Beginner traders often struggle to trade profitably due to a lack of experience or a viable trading strategy. Many expert traders agree that there are certain steps that beginner traders should take to become profitable traders. Let’s discuss these steps one by one:
1- Determine your trading style
The first step you should take in your trading career is to determine your style of trading. You can choose to perform day trading, swing trading, position trading, or algorithmic trading. Depending on the market situation, your trading objective, and the time you commit to trading, you can adopt any of the trading styles, but it is better to stick to one trading style and execute strategies accordingly.
You should carefully consult with different forex brokers and crypto brokers to ensure that the broker provides the services that suit your style of trading.
2- Select the financial instrument you want to trade
Many types of securities available for trading, which includes forex, stocks, ETFs, Futures, etc. Most beginners start their trading journeys from stock trading before stepping into the forex market. However, there is no fixed rule; if you feel excited about trading instruments other than stocks, you can start forex trading, crypto trading, or commodity trading as well.
There are plenty of financial instruments available for trading. You can choose forex, stock CFDs, equity indices, commodity trading, and precious metals, etc. Each financial instrument has its own properties and characteristics, so you must understand the market and the financial instrument you are trading to achieve better trading results.
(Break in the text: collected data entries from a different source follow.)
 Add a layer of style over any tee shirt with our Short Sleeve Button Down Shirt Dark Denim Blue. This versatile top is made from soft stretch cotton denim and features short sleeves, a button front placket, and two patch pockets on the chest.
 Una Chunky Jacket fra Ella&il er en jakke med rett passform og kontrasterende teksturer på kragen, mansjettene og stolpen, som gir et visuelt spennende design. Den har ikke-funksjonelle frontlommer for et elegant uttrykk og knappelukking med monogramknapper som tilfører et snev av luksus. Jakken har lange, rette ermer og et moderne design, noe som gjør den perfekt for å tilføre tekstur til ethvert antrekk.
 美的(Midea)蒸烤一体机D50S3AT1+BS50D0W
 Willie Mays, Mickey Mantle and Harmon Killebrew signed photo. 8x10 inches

3- Learn technical and fundamental analysis
While trading, you will be using technical and fundamental analysis to analyze the market and enter and exit trades. Fundamental analysis includes analyzing the economic, political, and many other factors that influence the price of the asset. To do fundamental analysis, you should keep an eye on the important events in the economic calendar, news, economic reports, and data releases. In case you are trading stocks, you can do fundamental analysis by studying the financial statements and data releases of the company you are analyzing. Many investors analyze the financial statements to calculate the intrinsic value of the stock to determine whether the stock is overvalued or undervalued.
You can also trade forex and stock markets using technical analysis. Technical analysis includes studying price action on charts and the use of technical indicators that aid traders to determine the trend, or the activity in the stock market. To perform technical analysis, you need to understand price action charts and apply technical indicators to determine the exit and entry points of your trade. Before adopting any technical analysis strategy, you must test it using price charts from the past data and validate its effectiveness.
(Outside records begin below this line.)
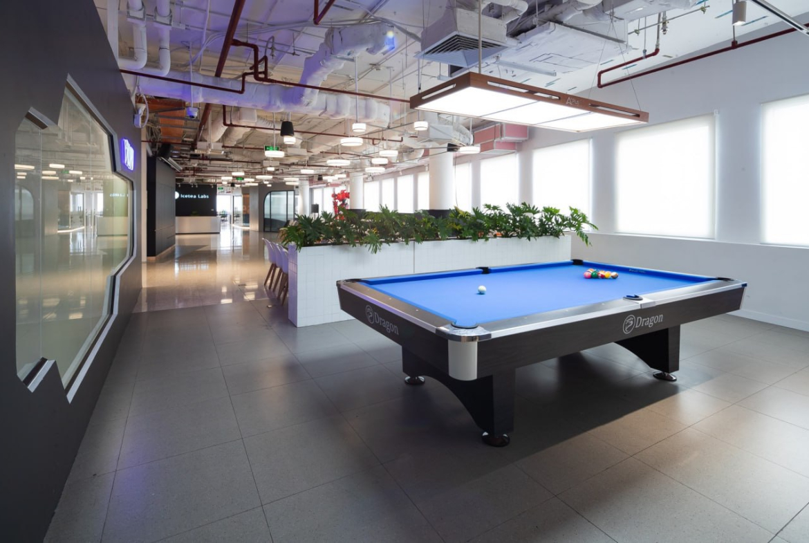 – Văn phòng đã được công ty mình thiết kế cải tạo từ tháng 4/2022, với trang thiết bị cao cấp, mới sử dụng hơn 1 năm. Văn phòng thiết kế có không gian làm việc mở, một vài phòng họp, nhiều góc làm việc sáng tạo, khu pantry, vui chơi giải trí…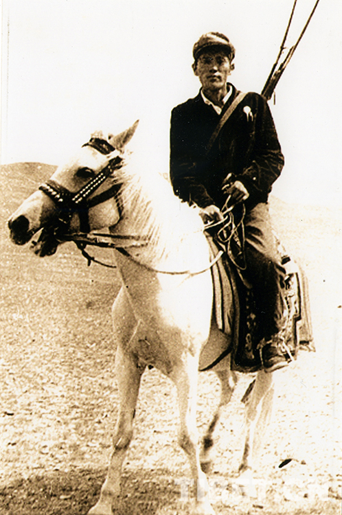 這是時任申扎縣縣長的洛桑丹珍騎馬,準(zhǔn)備走進藏北無人區(qū)考察(唐召明提供,1974年攝)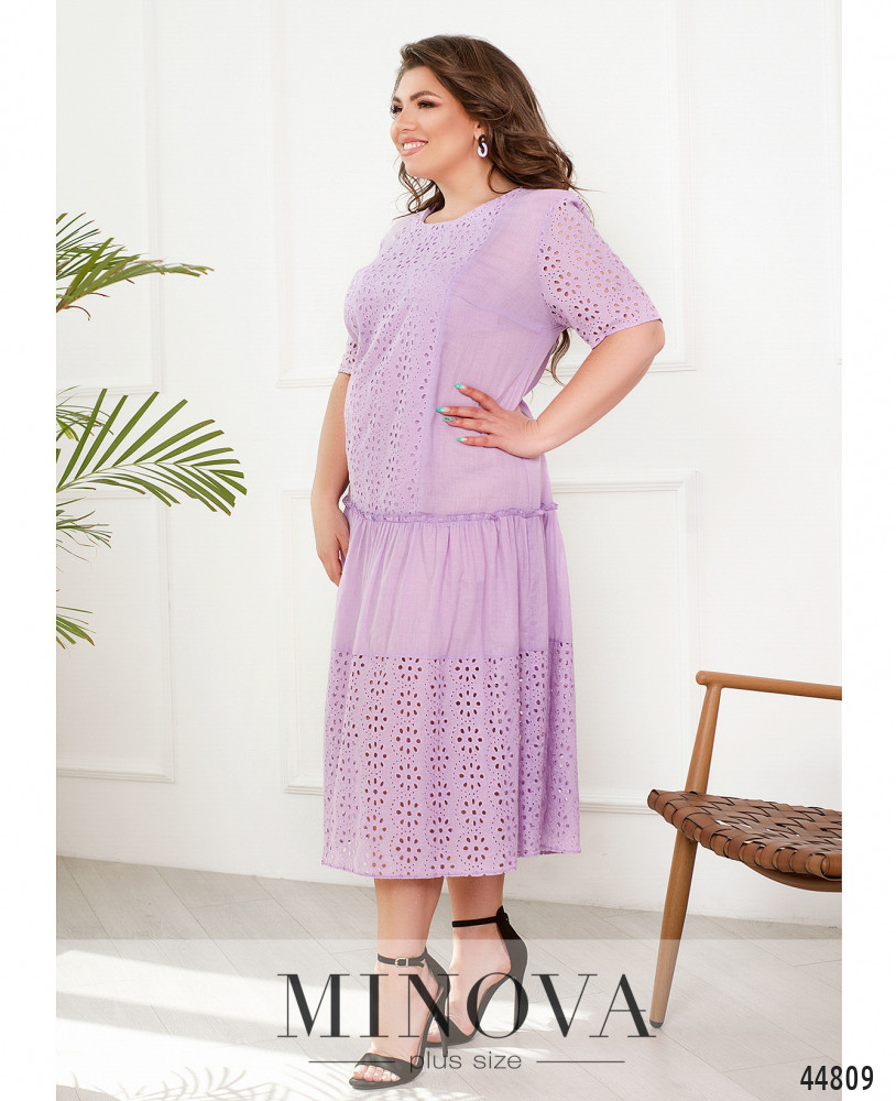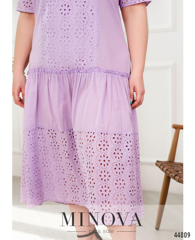 Нежное платье батал с ажурными вставками с перфорацией без подкладки. Вырез горловины полукруглый. Подол также украшен оборками и ажурным декором. На груди вытачки, застёжек и карманов нет. На спинке и на груди - продольные вставки с прошвой.

Many online brokers offer technical and fundamental analysis guides which you can use to improve your trading.
4- Follow risk management principles
Risk management is one of the most important components of sound and profitable trading. All trading experts stress the need to follow risk management principles so that in the event of unfavorable trade, your losses can be limited to your specified level. As a beginner trader, you should risk no more than 1% of your account on any single trade. This will ensure that if a trade doesn’t go your way, you will only lose 1% of your account.
You should always apply a stop-loss point while trading, which will act as insurance against a big or uncontrollable loss. Also, you must also ensure that the trade you undertake has a risk-reward ratio of at least 1:2, which means that you should only enter those trades in which you expect to earn at least twice what you are risking.
Beginner traders should invest most of their time learning trading strategies and understanding the markets. As a beginner trader, you can test your strategies and refine your skills using a demo trading account. You should learn technical and fundamental analysis and follow risk management principles as these are elementary steps that every trader should adopt before assuming trading.